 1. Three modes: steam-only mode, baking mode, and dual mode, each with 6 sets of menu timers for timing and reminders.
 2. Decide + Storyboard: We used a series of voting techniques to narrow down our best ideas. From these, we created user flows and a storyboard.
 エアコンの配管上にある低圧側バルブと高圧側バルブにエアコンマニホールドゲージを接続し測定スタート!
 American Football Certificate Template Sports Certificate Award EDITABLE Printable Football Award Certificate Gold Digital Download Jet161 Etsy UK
* * *
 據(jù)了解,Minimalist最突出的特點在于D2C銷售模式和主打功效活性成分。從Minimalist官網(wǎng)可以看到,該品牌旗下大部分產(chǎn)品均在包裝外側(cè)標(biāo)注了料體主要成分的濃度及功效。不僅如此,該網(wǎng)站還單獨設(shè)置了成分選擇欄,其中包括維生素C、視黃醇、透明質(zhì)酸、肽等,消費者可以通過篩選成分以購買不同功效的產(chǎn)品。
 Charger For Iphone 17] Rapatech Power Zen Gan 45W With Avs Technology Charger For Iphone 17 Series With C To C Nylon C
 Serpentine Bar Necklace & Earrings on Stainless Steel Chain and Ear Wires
---
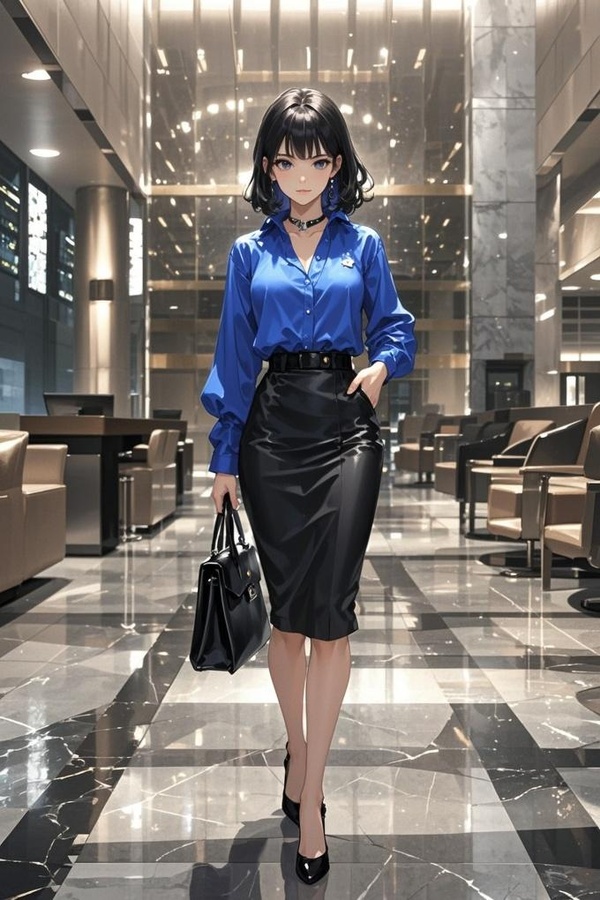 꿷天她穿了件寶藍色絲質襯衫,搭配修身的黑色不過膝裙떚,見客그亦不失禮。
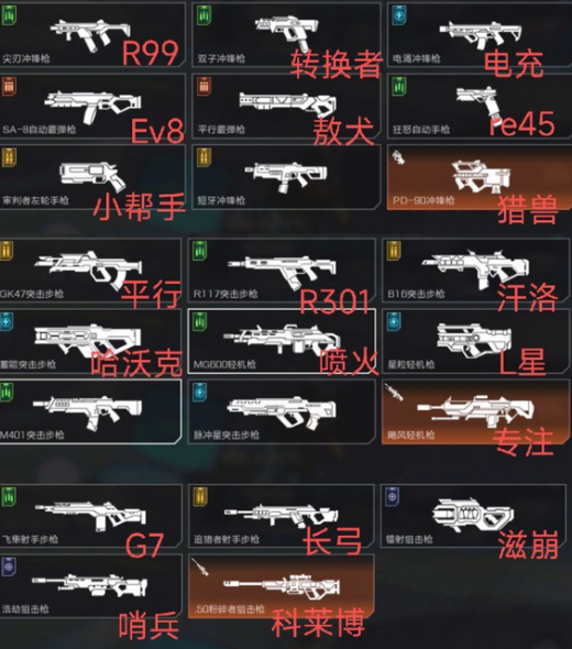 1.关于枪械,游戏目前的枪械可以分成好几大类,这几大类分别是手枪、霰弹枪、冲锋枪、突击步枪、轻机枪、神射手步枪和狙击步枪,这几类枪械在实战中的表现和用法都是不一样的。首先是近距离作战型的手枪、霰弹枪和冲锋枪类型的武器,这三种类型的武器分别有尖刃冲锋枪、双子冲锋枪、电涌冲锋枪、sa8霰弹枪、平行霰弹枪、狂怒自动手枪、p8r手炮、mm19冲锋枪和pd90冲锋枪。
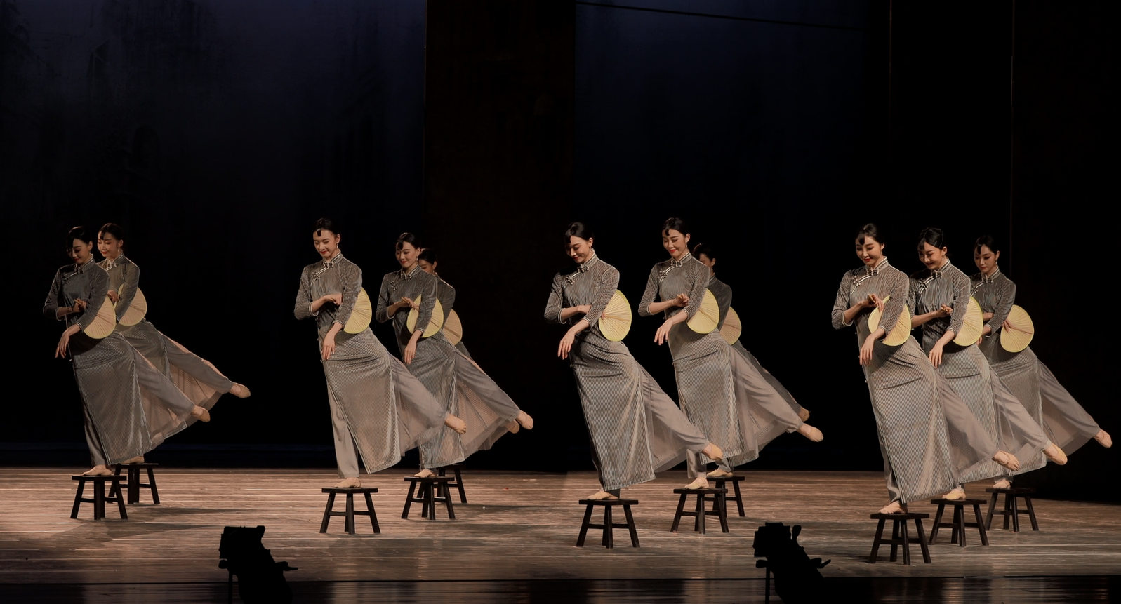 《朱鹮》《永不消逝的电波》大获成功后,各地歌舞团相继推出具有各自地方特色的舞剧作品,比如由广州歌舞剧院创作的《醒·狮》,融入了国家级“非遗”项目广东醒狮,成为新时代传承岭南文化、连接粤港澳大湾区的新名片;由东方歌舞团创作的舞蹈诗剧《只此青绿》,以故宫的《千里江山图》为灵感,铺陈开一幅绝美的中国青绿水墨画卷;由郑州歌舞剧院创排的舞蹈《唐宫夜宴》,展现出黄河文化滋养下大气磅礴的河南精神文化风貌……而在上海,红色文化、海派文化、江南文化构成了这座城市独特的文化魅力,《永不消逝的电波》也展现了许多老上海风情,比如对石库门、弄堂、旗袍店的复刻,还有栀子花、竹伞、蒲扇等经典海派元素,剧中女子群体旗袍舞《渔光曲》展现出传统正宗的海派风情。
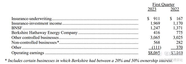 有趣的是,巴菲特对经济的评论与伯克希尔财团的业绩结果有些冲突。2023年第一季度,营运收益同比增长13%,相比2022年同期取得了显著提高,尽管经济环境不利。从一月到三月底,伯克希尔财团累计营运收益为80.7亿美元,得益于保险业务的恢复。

§ **About this task**
Return exactly the lines above from the line that has "1. Three modes: steam-only" through the line that has "American Football Certificate", inclusive, and nothing else.

§ **Reply**
 1. Three modes: steam-only mode, baking mode, and dual mode, each with 6 sets of menu timers for timing and reminders.
 2. Decide + Storyboard: We used a series of voting techniques to narrow down our best ideas. From these, we created user flows and a storyboard.
 エアコンの配管上にある低圧側バルブと高圧側バルブにエアコンマニホールドゲージを接続し測定スタート!
 American Football Certificate Template Sports Certificate Award EDITABLE Printable Football Award Certificate Gold Digital Download Jet161 Etsy UK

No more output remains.